======== Study material ========

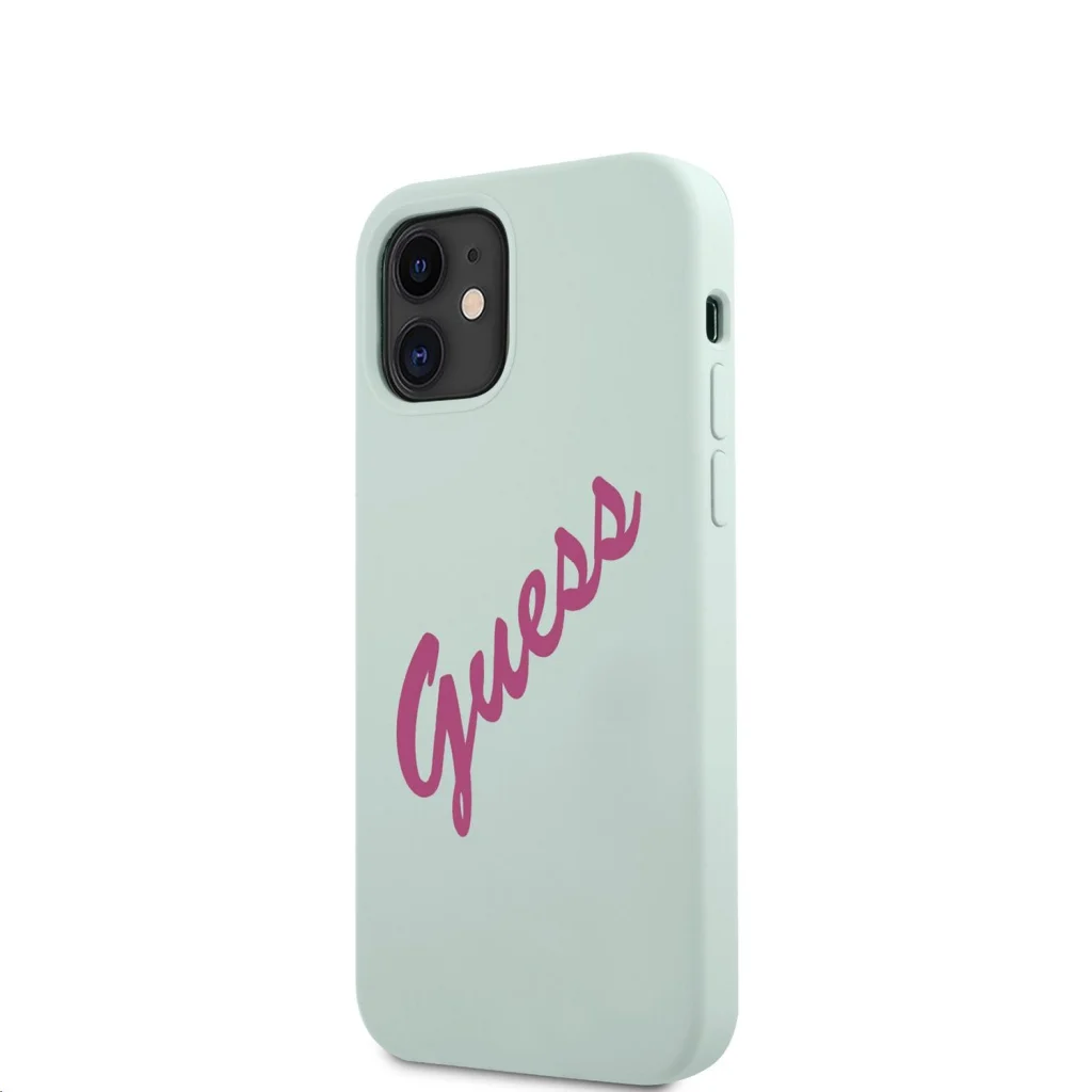 iPhone 12 mini Guess GUHCP12SLSVSBF Silicone Vintage Fuchsia Script tok kék színben
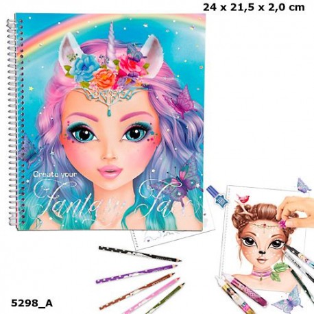 Zaprojektuj fantastyczną twarz. Dzięki pomocnym instrukcjom i szablonom krok po kroku możesz fantastycznie malować Top Model. Zanurz się w fantastycznym świecie TopModel. W zestawie są również świetne naklejki.
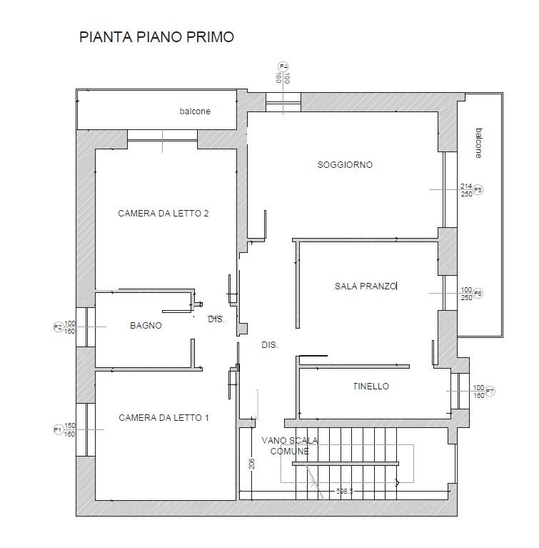 - piano primo di mq.120 con ingresso, cucinotto, sala da pranzo/tinello, soggiorno con ampia balconata di mq.10, disimpegno notte, due ampie camere matrimoniali delle quali una dotata di balcone, bagno con vasca e doccia.
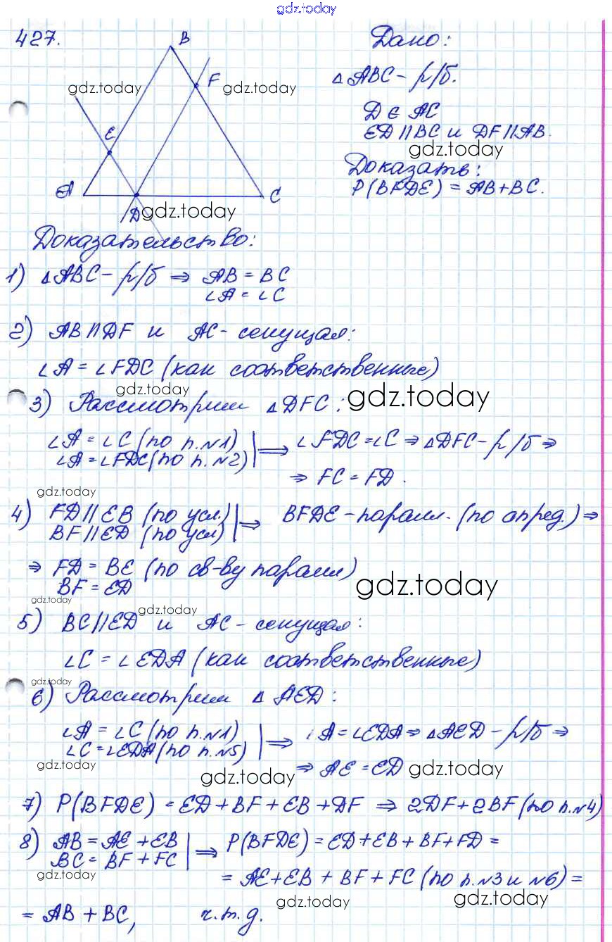 Ответы к Решение. Задачи 427 Учебнику по Геометрии для 7-9 класса Атанасян, Бутузов Просвещение 2010
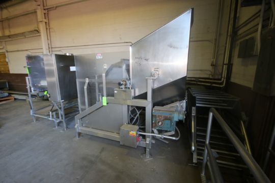Loos S/S Veggy Crusher, with Tilt S/S Dump Compartment, with (4) S/S Destructive Rolls In S/S Chute, Mounted on S/S Frame (LOCATED IN MEDFORD, WI)(Rigging, Loading & Site Management Fee: $600.00 USD)
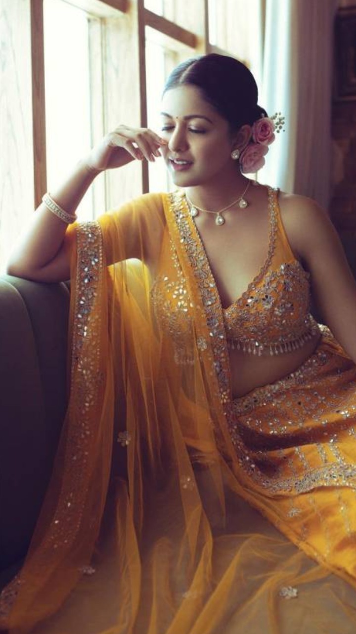 एक्ट्रेस येलो कलर के लहंगे और डीप नेक ब्लाउज में काफी खूबसूरत लग रही हैं। इशिता का ये लुक हल्दी के दौरान पहनने के लिए बेस्ट है।
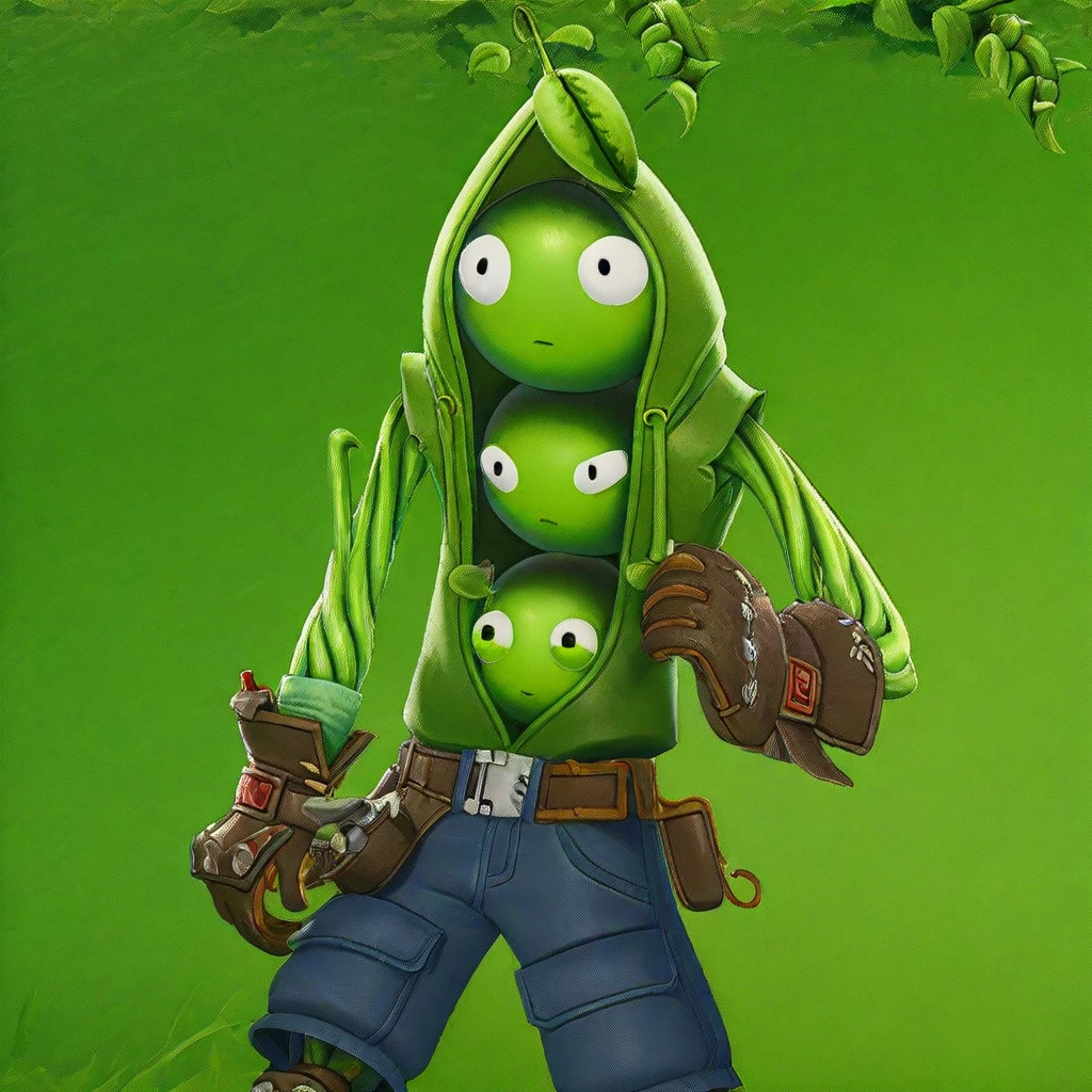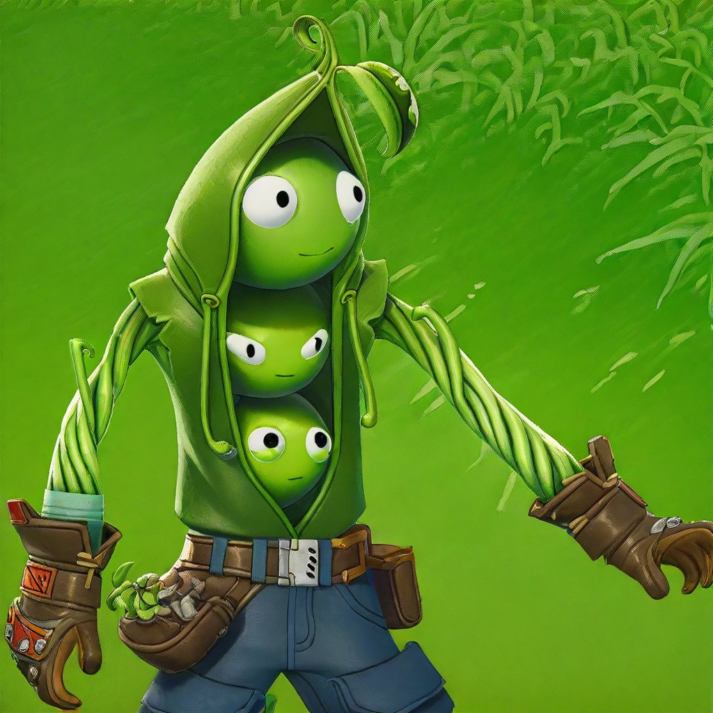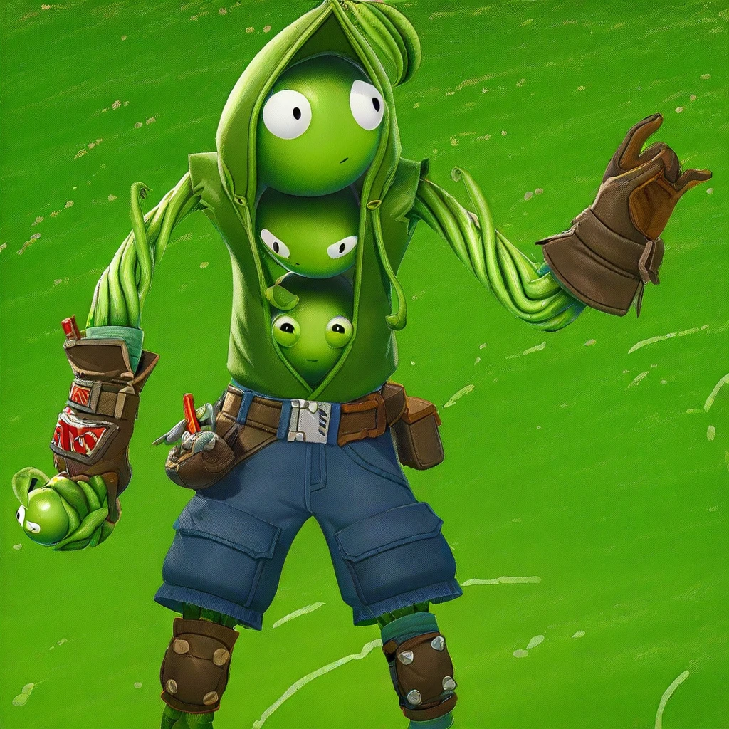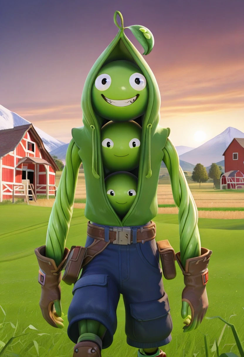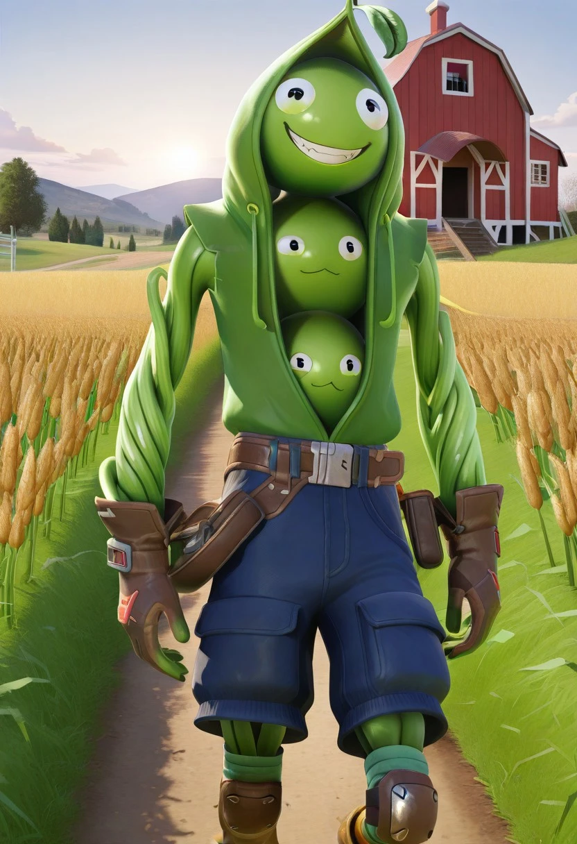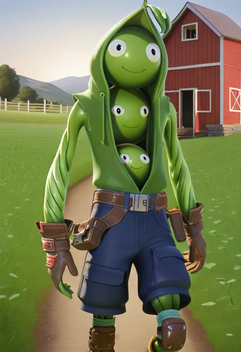 peabody, anthropomorphic pea pod, green pea pod hood, three small green pea faces, large white eyes, green skin, dark blue denim overalls, brown leather utility belt, brown leather work gloves, knee guards, brown work boots with green vine wrappings, vine legs, vine arms,
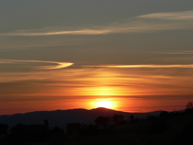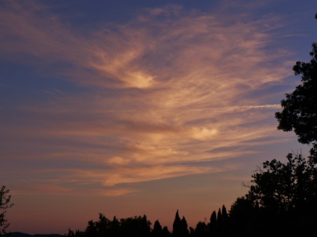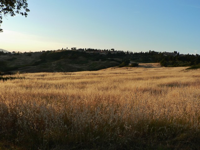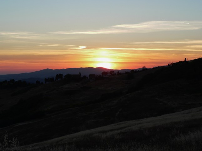Ormai sono trascorsi due cicli completi (due anni) di mappatura botanica a scansione almeno mensile del nostro percorso, a nostro avviso sufficienti per un eventuale confronto con un’analogo lavoro che potremmo svolgere fra qualche anno, per cercare, per es., indizi di un riflesso possibile dell’attuale iperbolico cambiamento climatico, magari con l’apparire a sorpresa di qualche pianticella selvatica nuova e rilevante. Cessiamo così il nostro attuale lavoro con questo settimo post. Con l’occasione Sofia ci ha mandato una serie di belle foto di scorci di visuale al tramonto che si sono potuti godere durante le passeggiate nel corso di questo giugno 2017 assolato. Chiuderemo con le foto, sempre di Sofia, di scorci di paesaggio visibili da punti strategici del nostro percorso.

========

> _Your objective_:
Within the listing above, find the line containing "Ответы к Решение." and the line containing "एक्ट्रेस येलो कलर". Transcribe them and everything between them exactly, leaving out the pictures.

> _Task answer_:
 Ответы к Решение. Задачи 427 Учебнику по Геометрии для 7-9 класса Атанасян, Бутузов Просвещение 2010
Loos S/S Veggy Crusher, with Tilt S/S Dump Compartment, with (4) S/S Destructive Rolls In S/S Chute, Mounted on S/S Frame (LOCATED IN MEDFORD, WI)(Rigging, Loading & Site Management Fee: $600.00 USD)
 एक्ट्रेस येलो कलर के लहंगे और डीप नेक ब्लाउज में काफी खूबसूरत लग रही हैं। इशिता का ये लुक हल्दी के दौरान पहनने के लिए बेस्ट है।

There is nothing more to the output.